In closing, we had a great 2022 that sets us up well for 2023 as we look to scale our business, deliver strong financial results, and drive long-term shareholder value. Thank you to the Alta team once again for all your hard work in driving a momentous year for the company. I'll turn it over to Tony.
Thanks, Ryan. Good evening, everyone, and thank you for your interest in Alta Equipment Group and our fourth quarter and full year 2022 financial results. We're pleased with our 2022 performance as we look to continue 2022's momentum forward into 2023. I first wanna congratulate my Alta teammates for their hard work and dedication to our company in 2022. Our results are directly correlated to our culture, which is grounded in our guiding principles and all of us focusing on building customers for life. A big thank you to all of Alta's employees. Before I move on to my prepared remarks, I'd like to welcome our new team members in East Providence, Rhode Island from M&G Materials Handling, our latest addition to the Alta family.
The senior leadership team is committed to carrying on the legacy that the M&G team has built. We look forward to earning your trust. My remarks today will focus on three key areas. First, I'll be presenting our fourth quarter and full year 2022 performance, which exceeded our expectation as the business continues to gain ground year-over-year on several key metrics. Second, I'll comment on how our cash flows in 2022, along with our prudent M&A strategy, converted into returns on invested capital in 2022. Lastly, I'll provide guidance for 2023 Adjusted EBITDA and discuss the elements that underpin the metric. Before I get to my talking points, it should be noted that I'll be referencing slides from our investor presentation throughout the call today.
I'd encourage everyone on today's call to review our presentation and our 10-K, which is available on our investor relations website at altg.com. For the first portion of my prepared remarks, and in line with slides 11 through 15 in the earnings deck, fourth quarter and full year 2022 performance. First, for the quarter. The company recorded revenue of $428.6 million, the highest quarterly sales figure in the company's history. This milestone was driven by an unprecedented $266 million of new, used, and rental equipment sales and another $162 million in product support and rental revenues.
Focusing in on our parts and service business lines for the quarter, construction product support achieved an increase of $6 million in revenue versus Q4 2021 on an organic basis, representing 13% year-on-year growth, while material handling product support achieved an increase of $4.6 million in revenue versus Q4 2021 on an organic basis, representing 11% year-on-year growth. From an Adjusted EBITDA perspective, we realized $42.7 million in Adjusted EBITDA for the quarter, up from $36.9 million in the fourth quarter of 2021. Turning to our results for the full fiscal year. The company recorded $1.57 billion in revenue in 2022. We're pacing at over $1.6 billion of revenue on a pro forma basis.

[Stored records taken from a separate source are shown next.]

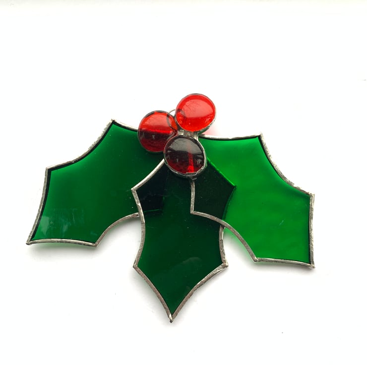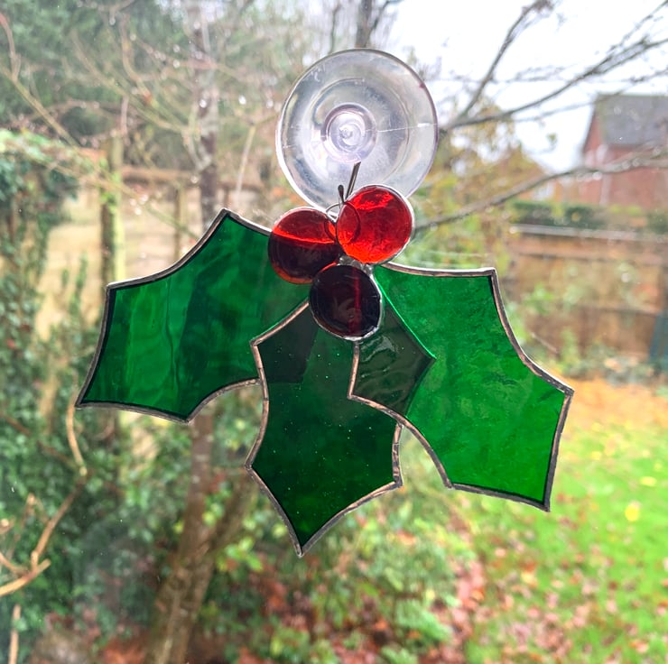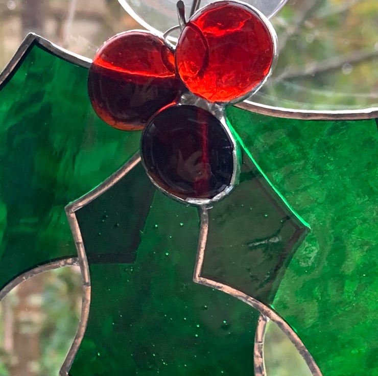Please not: this listing is for a made to order holly and berry suncatcher. It may take up to 21 days to be made and ready for posting. The pictures shown are just to show what your suncatcher will look like. As this is made to order this is non refundable.
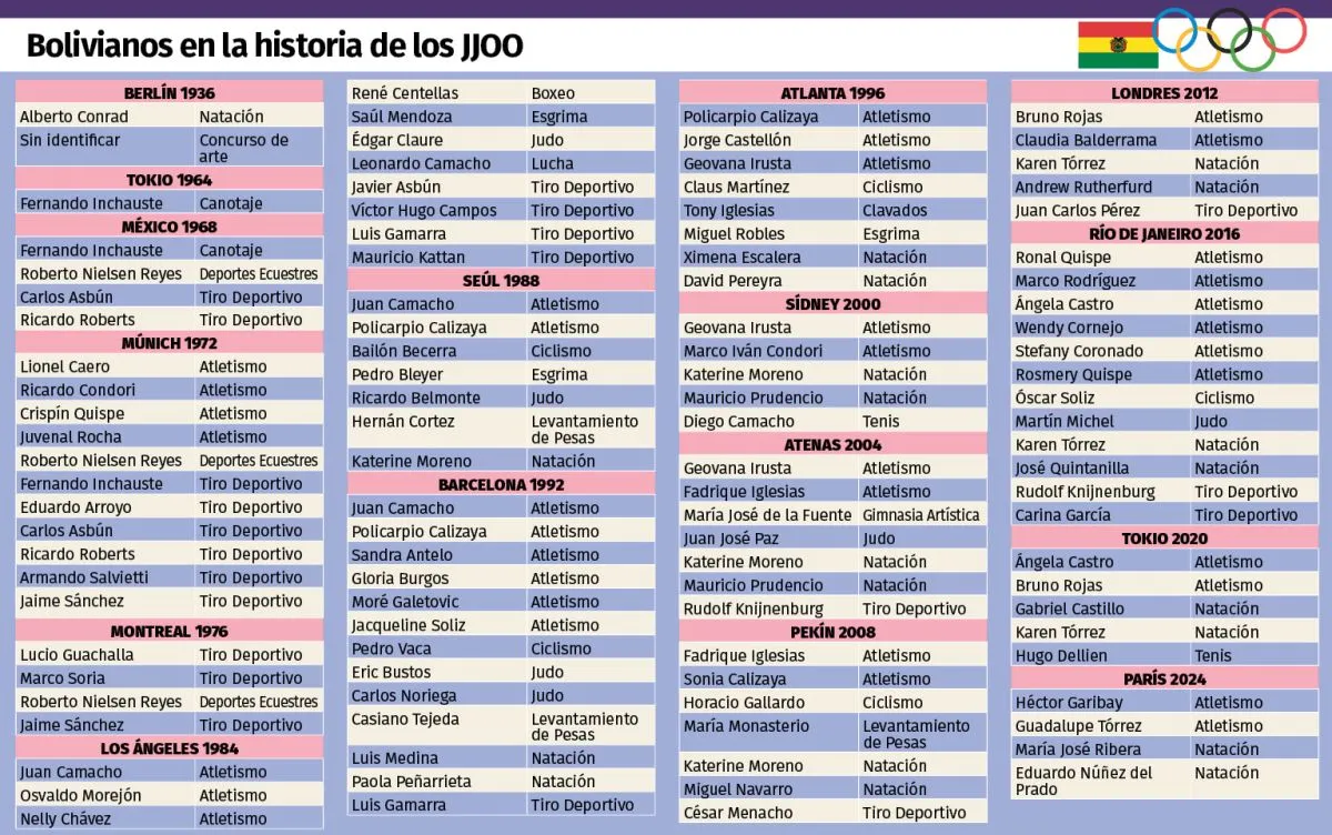 A lo largo de las 16 ediciones de JJOO en las que estuvo Bolivia —incluyendo París 2024— participaron 82 deportistas en 14 disciplinas: natación, canotaje, deportes ecuestres, tiro deportivo, atletismo, ciclismo, boxeo, esgrima, judo, lucha, levantamiento de pesas, clavados, tenis y gimnasia artística.
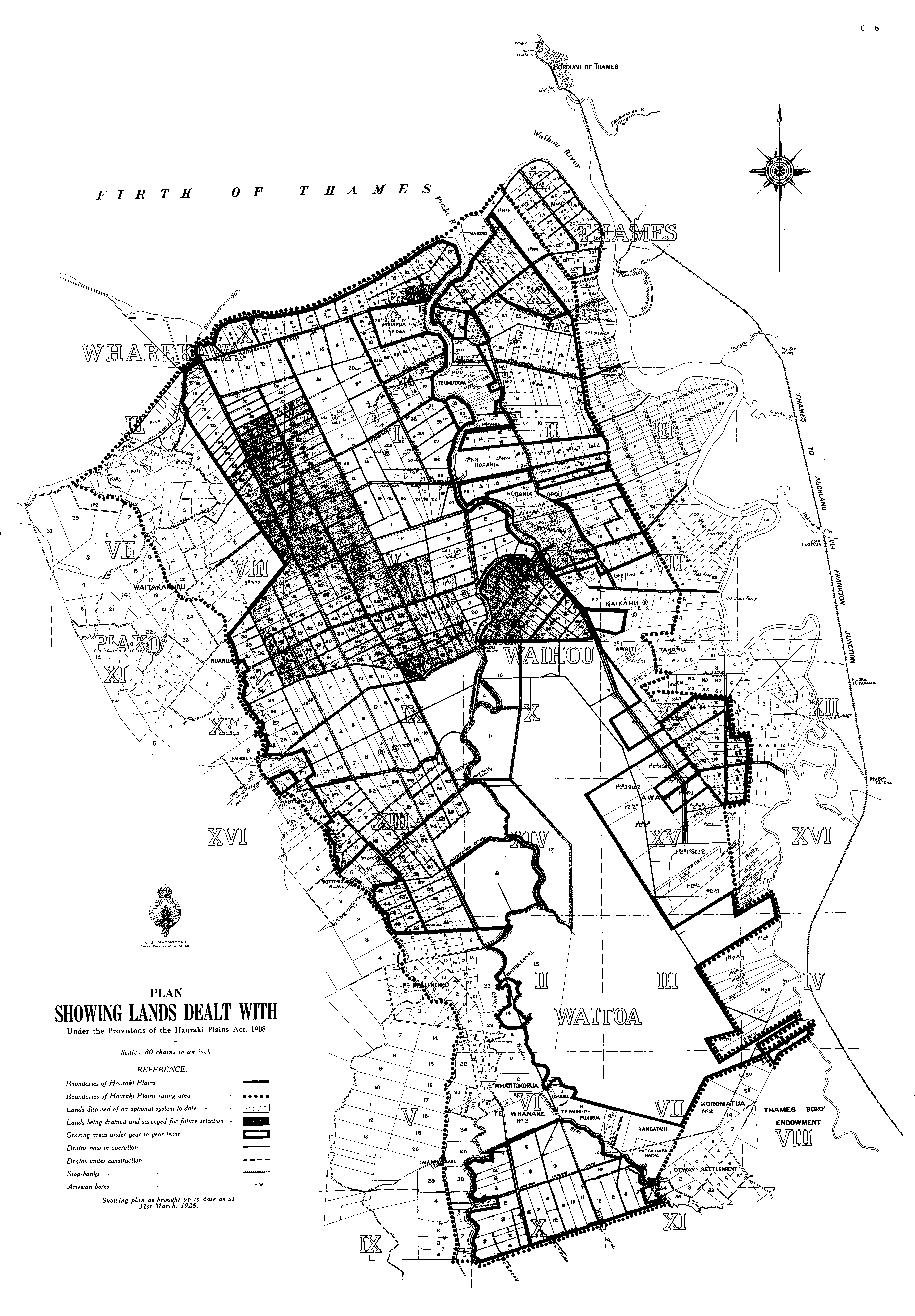 PLAN SHOWING LANDS DEALT WITH Under the Provisions of the Hauraki Plains Act. 1908.
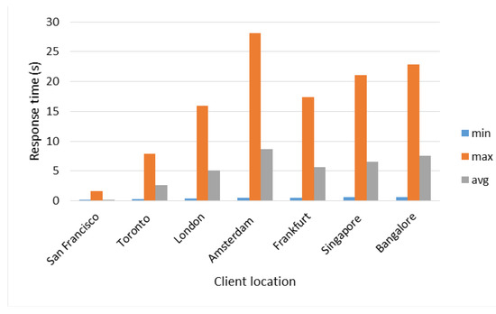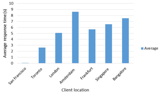 For the average response time, a behavior similar to the ones of the total times was observed (see Figure 11), where the longest time was obtained with the client in the city of Amsterdam and the lowest in the city of San Francisco.
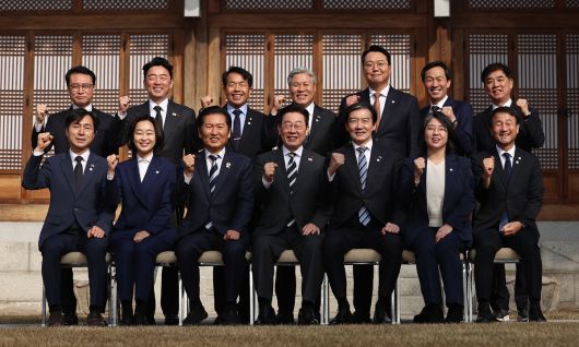 이재명 대통령이 16일 청와대 상춘재에서 열린 정당 지도부 초청 오찬에서 참석자들과 기념촬영하고 있다. 앞줄 왼쪽부터 사회민주당 한창민 대표, 진보당 김재연 대표, 더불어민주당 정청래 대표, 이재명 대통령, 조국혁신당 조국 대표, 기본소득당 용혜인 대표, 더불어민주당 한병도 원내대표. 뒷줄 왼쪽부터 이규연 홍보소통수석, 강훈식 비서실장, 진보당 윤종오 원내대표, 조국혁신당 서왕진 원내대표, 개혁신당 천하람 원내대표, 우상호 정무수석, 김병욱 정무비서관. 연합뉴스 |

For perspective, the $1.6 billion of revenue is nearly 2 x our 2020 revenue, an impressive figure when we look back on the last three years. We've grown our product support revenue approximately 70% in that same time period. The business continues to scale nicely as we realize operating leverage year-over-year. To highlight the point, in 2020, for every $1 of gross profit generated, we incurred almost $1 of SG&A expense. In 2021, for every $1 of gross profit generated, we incurred $0.91 of SG&A expense. In 2022, we incurred $0.86 for every $1 of gross profit generated.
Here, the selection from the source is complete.